Аналогичные проблемы стояли и перед теоретиками-символистами, в частности перед Вяч. Ивановым, который {139} являлся главным теоретиком «соборного действа» в предреволюционные годы, а в эпоху военного коммунизма, будучи одним из работников ТЕО Наркомпроса, пытался эту концепцию в слегка обновленном виде реализовать в практике массовых революционных празднеств.

Это было понятие о необычном празднично-театральном действии, в «соборности» которого исчезает пассивность зрителя, ибо на смену ей приходит коллективное мистико-религиозное творчество, полностью изменяющее принятые в сложившемся театре отношения между сценой и зрительным залом. Драматург, в отличие от актера и зрителей, сохранявшийся в этом театре-празднике, рассматривался Вяч. Ивановым как учитель народа, творящий мифы — высшую реальность жизни человеческого духа. При этом главной функцией «соборного действа» должно было быть не познание, а «преображение», некий психологический и духовно-нравственный перелом, распространяющийся на всех участников и имеющий своей целью единомыслие и единочувствие под эгидой мифа.

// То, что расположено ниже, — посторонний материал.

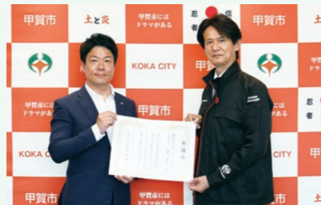
感謝状贈呈式の様子▶

オートバックス・甲賀店(株式会社オート・ハンズ)様から100万円をご寄附いただき、5月7日に感謝状を贈呈しました。いただいたご寄附は、ごみの出し方や公共交通機関の利用方法などの生活オリエンテーションや日本語教室の充実など、多文化共生の推進のために大切に使用させていただきます。

Напомним, что концепция Вяч. Иванова строилась на учении Ницше о «рождении трагедии из духа музыки» и что другим ее источником был мессианизм Вл. Соловьева. Эти две традиции сообщили ей черты некоего аристократического «народничества», надеющегося на возможность реставрации в современном мире мифопоэтического сознания, которое — в силу якобы особых путей России, минующей капитализм, — должно было создать большое всенародное художественное творчество, праздничное искусство или искусство праздника, совмещающее в себе три ипостаси — красоту, истину и добро, которые, находя свое воплощение в реальном поведении людей, делают такое искусство феноменом абсолютного человеческого единства, феноменом идеальной общественности.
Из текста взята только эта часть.